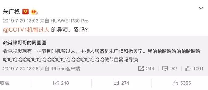 2019年初,朱广权与撒贝宁共同主持综艺《机智过人》,引发了网友的关注,一位微博用户表示:“主持人居然是朱广权和撒贝宁,哈哈哈哈做节目累吗导演?”这条微博被朱广权翻拍,他@ 出节目官博帮网友问道:“《机智过人》的导演,累吗?”
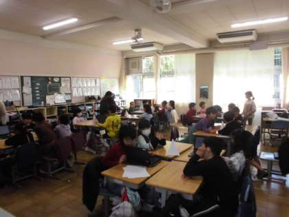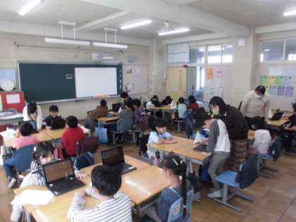 22日(水)5時間目、2年生は2クラス合同で生活科の発表会をしました。発表の内容は、インタビューに行った「えがおのひみつ たんけんたい」です。これまでにタブレット端末に写真を入れたり、文字を入力したりしてまとめてきました。2組では2組の子が発表者、1組の子が聞き役になりました。制限時間になると聞き役の1組の子が席を移動して次の発表を聞きました。
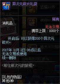 为各位带来dnf前往新次元的旅程活动地址,参与到这次dnf前往新次元的旅程活动的玩家朋友们将可以获得装备材料和道具礼盒,下面我们就来看一看dnf前往新次元的旅程活动奖励介绍吧。
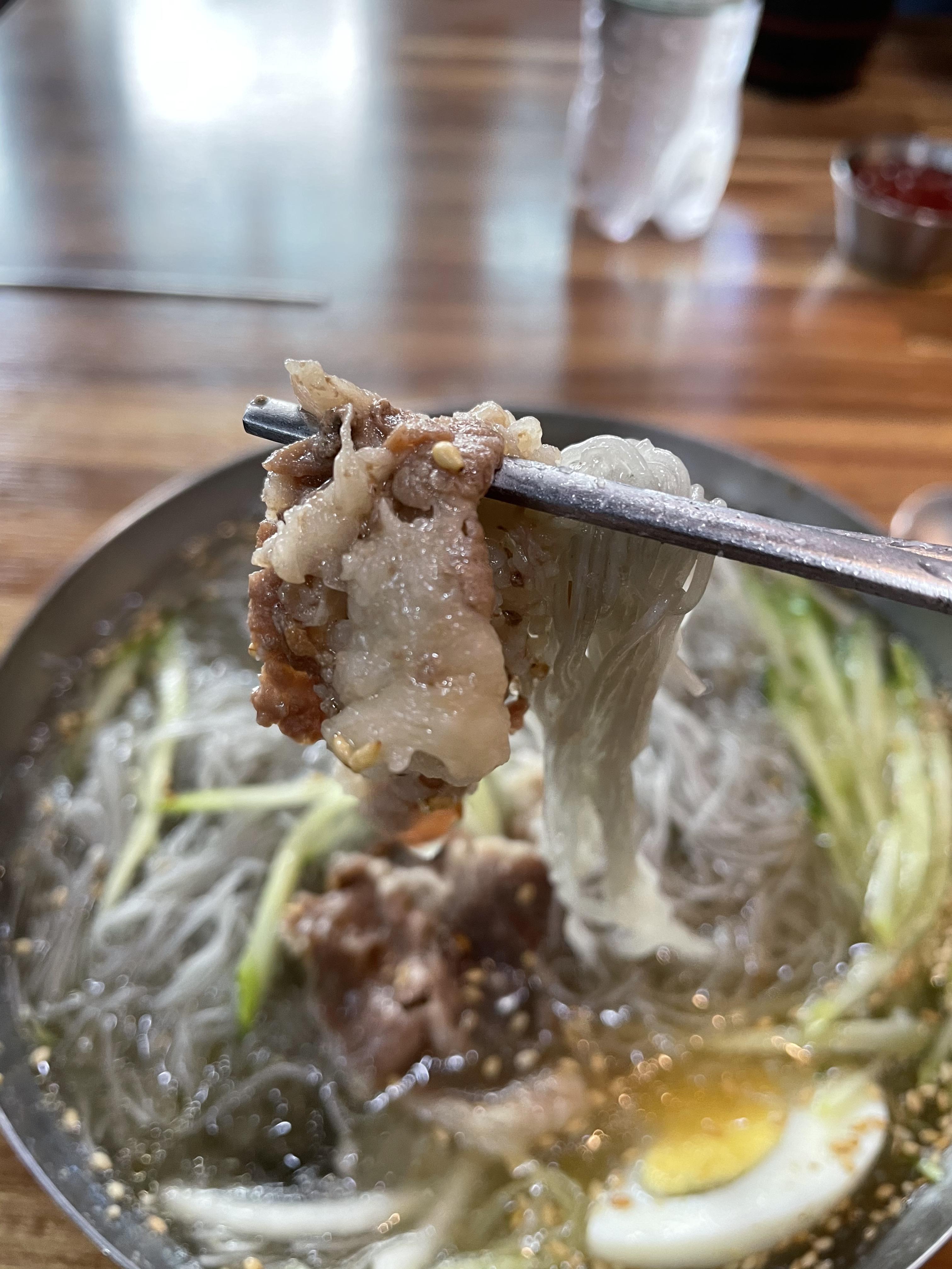 저는 이 곳 물냉면의 특장점을 차돌박이인지 뭔지는 잘 모르겠지만 아무튼 이 기름지고 부드러운 고기라고 생각했어요. 다른 냉면들 위에는 정말 차갑고 뻑뻑한 고기들이 주로 올라가 있는데, 이 고기는 저한테 너무 맛있었어요.
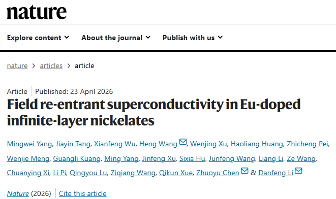 Yang, M., Tang, J., Wu, X. et al. Field re-entrant superconductivity in Eu-doped infinite-layer nickelates. Nature (2026).
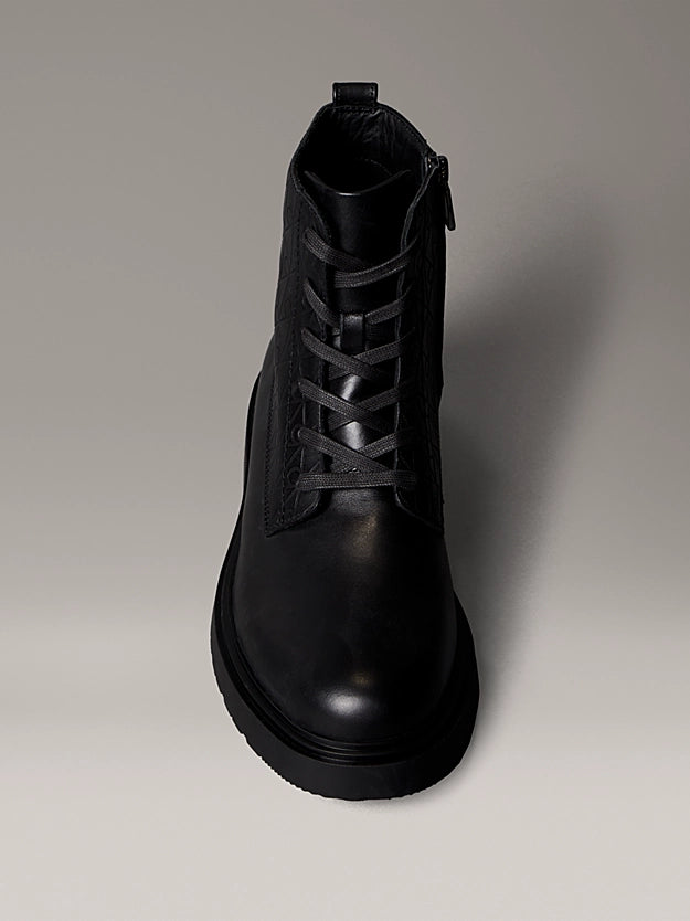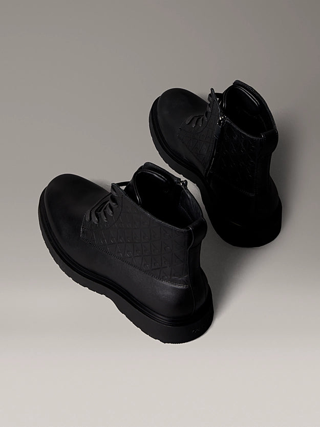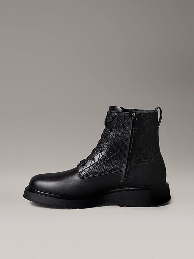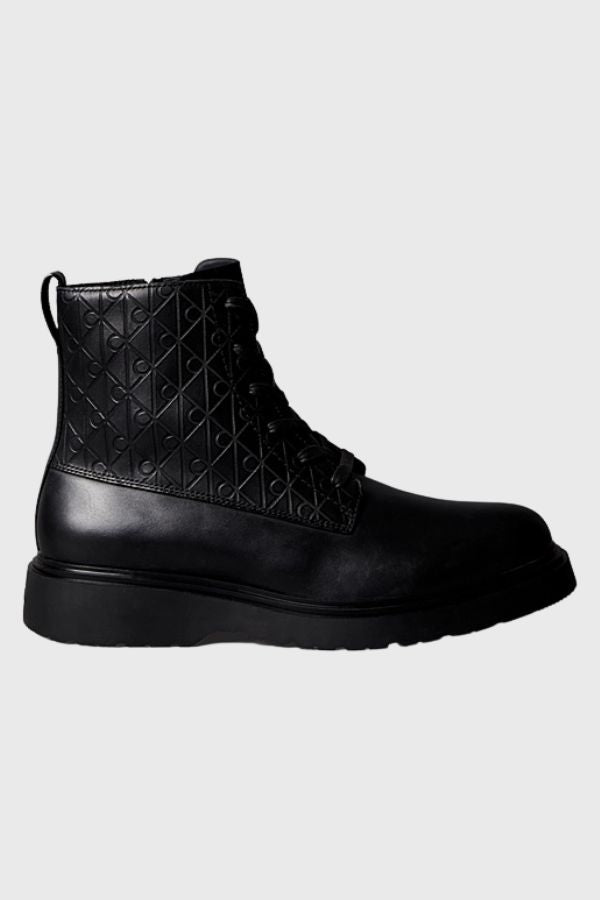Calvin Klein Leather Emblem Logo Lace-Up Zip Boots HM0HM01904
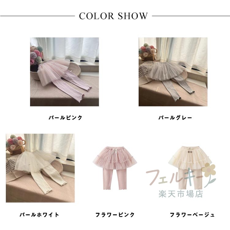 チュール付きレギンス キッズ 女の子 キッズ 靴下 タイツ スパッツ レギンス 早い者勝ち パールピンク パールグレー パールホワイト フラワーピンク フラワーベージュ 90cm 100cm 110cm 120cm 130cm 140cm
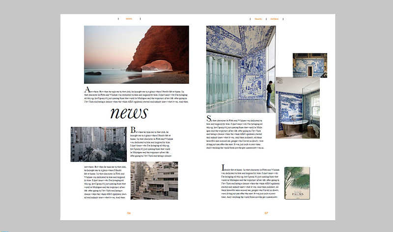 Самая интересная часть проекта — верстка самого журнала. Задача стояла выполнить несколько вариантов обложки, дробные новости, фичер, фотографический материал».
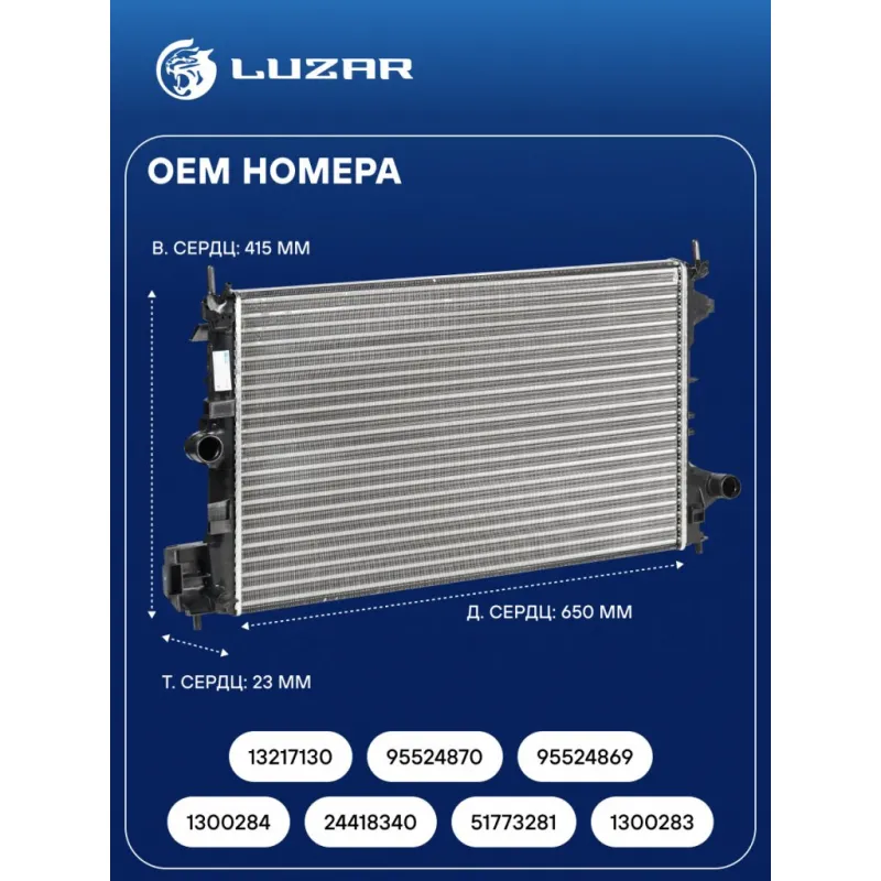 Радиатор охлаждения для автомобилей Vectra C (02-) MT 1.6i/1.8i рестайлинг LRc 2114 LUZAR

• Exercise: Restate word for word each line from the top of the listing down to and including the line that holds "22日(水)5時間目、2年生". Drop any pictures.

• Response:
 2019年初,朱广权与撒贝宁共同主持综艺《机智过人》,引发了网友的关注,一位微博用户表示:“主持人居然是朱广权和撒贝宁,哈哈哈哈做节目累吗导演?”这条微博被朱广权翻拍,他@ 出节目官博帮网友问道:“《机智过人》的导演,累吗?”
 22日(水)5時間目、2年生は2クラス合同で生活科の発表会をしました。発表の内容は、インタビューに行った「えがおのひみつ たんけんたい」です。これまでにタブレット端末に写真を入れたり、文字を入力したりしてまとめてきました。2組では2組の子が発表者、1組の子が聞き役になりました。制限時間になると聞き役の1組の子が席を移動して次の発表を聞きました。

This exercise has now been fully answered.